The explored world around the Sea of Silt—as an interconnected region—has been retconned in subsequent products, making the Dark Sun setting a lot smaller. In the Revised Dark Sun Campaign Setting, the people of the Tyr region are generally ignorant of even the next closest set of cities. Terming Kurn and Eldaarich as lost city-states, it asserts: “few inhabitants of the Tyr Region know the names of the northern cities—let alone that they even exist. For most, rumors of cities to the north are just that […]” But, in the 1991 set, the Tyr region is not asserted to be insular or ignorant of its neighbors—as I have quoted above, the wanderer literally describes the whole explored world’s geography.

In the rest of this post, I’ll obsessively work out the land area, population, and geography of the explored world and discuss what it says about the Tyr region and 1991 Dark Sun campaign setting writ large.

So, returning to the Wanderer’s description of the explored world, it consists of:
  1. A million square miles of desert.
  2. With the Sea of Silt in the middle.
  3. With the Tyr region on the sea’s western shore.
  4. Bounded east and west by the Ringing Mountains.
  5. Bounded north and south by ribbed valleys of the Ringing Mountains.
  6. With everything around it being unpeopled Hinterlands from which no travelers are known (by the Wanderer) to have returned. Note that the parts of the explored world which are NOT the Hinterlands are implied by comparison to have some degree of sapient habitation.
Rendered in its full glory with MS paint, the explored world looks about like this:

1620852761454.png

So, how big is that?

Well, 1,000,000 square miles is about the area of Argentina (1,056,640 mi2) or Kazakhstan (1,042,400 mi2) and the Sea of Silt at 120,000 square miles is somewhere between the area of the Caspian Sea (143,000 mi2) and the Persian Gulf (97,000 mi2).

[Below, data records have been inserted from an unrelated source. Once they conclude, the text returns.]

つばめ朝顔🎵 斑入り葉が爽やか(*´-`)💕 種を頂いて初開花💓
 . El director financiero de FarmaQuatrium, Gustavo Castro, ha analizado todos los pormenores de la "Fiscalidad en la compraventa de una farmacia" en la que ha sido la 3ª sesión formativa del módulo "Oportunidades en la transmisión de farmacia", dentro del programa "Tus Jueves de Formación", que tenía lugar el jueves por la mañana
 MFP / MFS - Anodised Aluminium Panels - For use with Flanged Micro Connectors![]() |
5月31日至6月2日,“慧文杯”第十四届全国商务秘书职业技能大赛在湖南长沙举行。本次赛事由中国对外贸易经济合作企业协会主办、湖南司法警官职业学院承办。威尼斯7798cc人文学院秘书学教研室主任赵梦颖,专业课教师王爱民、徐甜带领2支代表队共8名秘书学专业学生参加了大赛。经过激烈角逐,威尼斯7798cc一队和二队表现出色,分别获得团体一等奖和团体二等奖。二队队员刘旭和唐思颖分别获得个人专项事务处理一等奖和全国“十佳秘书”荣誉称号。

Taking the Persian Gulf as a starting point—since many of its surrounding landmasses are arid and since Dark Sun has always had some degree of Biblical near eastern theming—how much territory would Dark Sun’s explored world cover? About this much:

1620852848614.png

And, within that area, how much does the Tyr region cover? If we extrapolate from the Wanderer’s map, which has a 30-mile scale, the area contained within the Tyr region is about 100,000 mi2 (if you include the hinterlands bits but not the map border). The 4e maps use a 75-mile scale instead, giving them a roughly 590,000 mi2 area—but that’s updating the scale of the Tyr Region to accommodate that the explored world is gone from the setting. In 4th Edition, “Beyond the borderlands of [the Tyr Region] lie desolate wastes; some people believe that the Tyr Region is the last habitable area on Athas, and that all the people remaining in the world live in these lands” (Dark Sun Campaign Setting, p. 130).

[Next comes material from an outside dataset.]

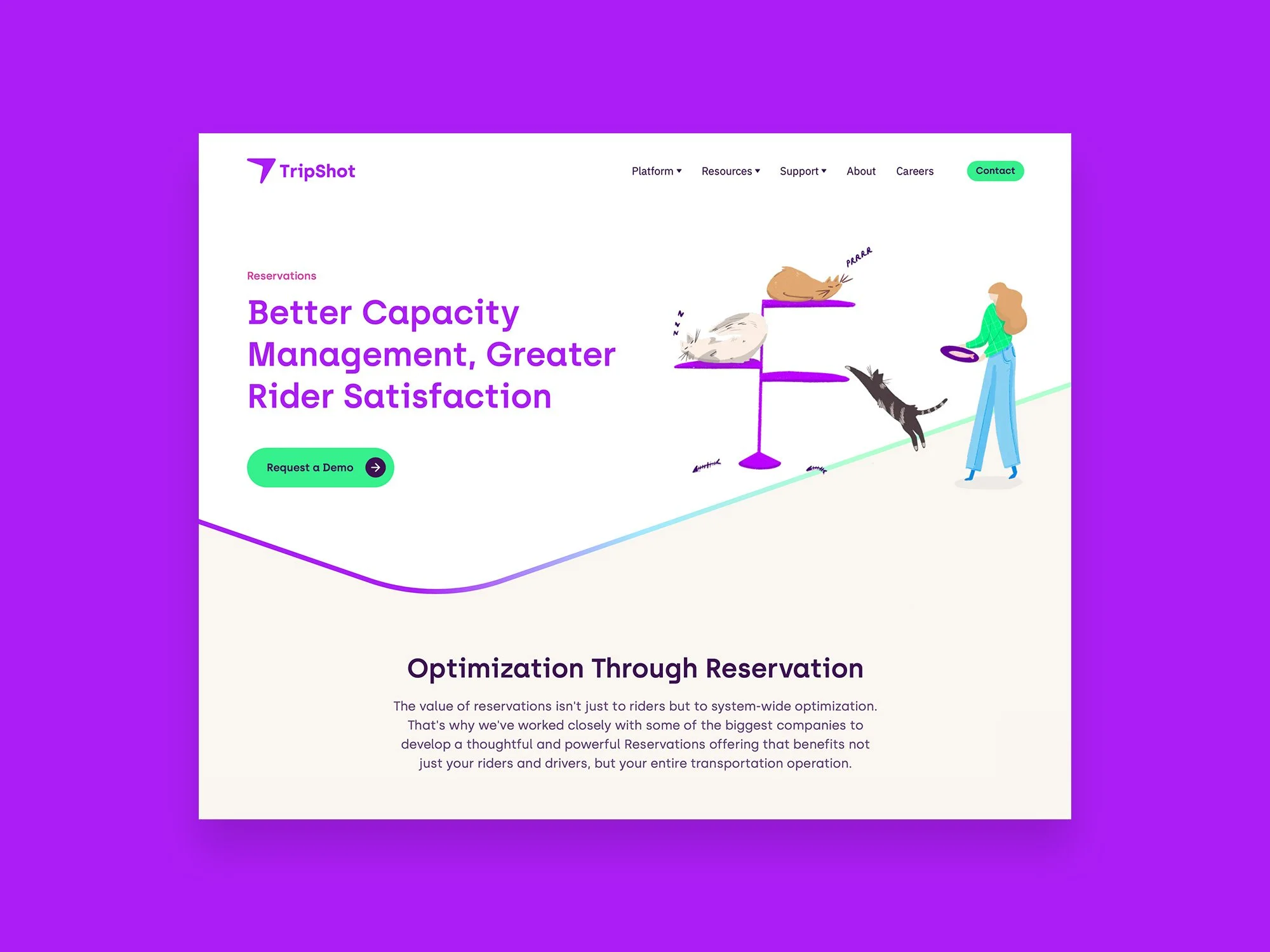 Led the redesign for TripShot, a mobility management platform in the transportation technology space. Their technology powers commute programs at the largest Silicon Valley tech companies, as well as hundreds of other companies and campuses.

Lame. From here, I’ll assume the 30-mile scale is correct.

If you overlay a 104,000 mi2 rectangle over the Persian Gulf, i.e. literally the US state of Colorado, it looks as pictured below. And this orientation feels to me like it corresponds pretty well to the Wanderers description of the explored world.

1620852953023.png

So, how many people live in that area? According to the Wanderer’s description of the Tablelands—which, as I take it, is not meant to include the Ringing Mountains, Forest Ridge, or Sea of Silt:

In the Tyr region alone, there are tens of thousands of square miles of plains, and I am sure that fewer than a million people live in that area—most of them in cities, villages, or other groups located near a good source of water. By and large, the plains are empty and wild, populated by untamed tribes and savage beasts. (The Wanderer’s Journal, p. 46)

So, almost 1 million inhabitants. That is nearly 10 people per square mile, which is on the low end of the widely used—and malignedMedieval Demographics Made Easy essay (and generators based on it). I think that level of population density feels a bit high—but not unreasonable. For reference, the Arabian Peninsula (that’s Saudi Arabia, Yemen, Oman, the UAE, Qatar, Bahrain, and Kuwait) had a population density of about 7.5 inhabitants per square mile IN THE YEAR 1950.

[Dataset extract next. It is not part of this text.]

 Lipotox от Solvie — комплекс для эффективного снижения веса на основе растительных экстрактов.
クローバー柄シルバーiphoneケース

But, if we accept the 10 person/mi2 population density, that is still a bit low to support the level of urbanization in the Tyr region. The 1991 Campaign Setting doesn’t list city populations, but the Wanderer does give the numbers of soldiers in several cities’ armies. They are gobsmackingly high: “Andropinis' personal army consists of ten thousand highly disciplined foot soldiers…” (p.67), “Hamanu can personally send more than ten thousand slave soldiers led by a thousand lance-carrying half-giants into battle.” (p. 75). For single city-states, standing armies of those sizes induce starvation—so these would necessarily be militia armies, like hoplites or republican legionaries, who fight (at most) for a campaign season and then go home to tend the harvest. Inter-city wars would probably be pretty indecisive—one set piece battle followed by a brief and, therefore, unsuccessful city siege during which the defender’s unwalled territory is pillaged. Though, on occasion, city sieges would be successful as was Hamanu’s siege of Yaramuke.

Ahem… population density, sorry…

The Revised Campaign Setting does give city population numbers (so we’ll have to tolerate it, for now).
Tyr: 15,000​
Urik: 30,000​
Raam: 40,000​
Draj: 15,000​
Nibenay: 25,000​
Gulg: 12,000​
Balic: 28,000​

Altogether, that’s 165,000 of the less than 1 million people in the region. That’s a very high urbanization rate for a Medieval society—medieval Europe was about 5% urbanized—but for an ancient one with a robust centralized bureaucracy (like Dark Sun’s templars) and sophisticated irrigation technology it’s not totally crazy. The Roman Empire at its peak had urbanization rates of 25% to 30%, while Spain in 1300, with a comparable population density of 10.9 people/mi2, had an urbanization rate of 12% (probably due to Andalusian technological sophistication). Finally, comparing to the world’s most famous city state, Athens had an estimated 20,000-40,000 residents in the 5th Century B.C.E.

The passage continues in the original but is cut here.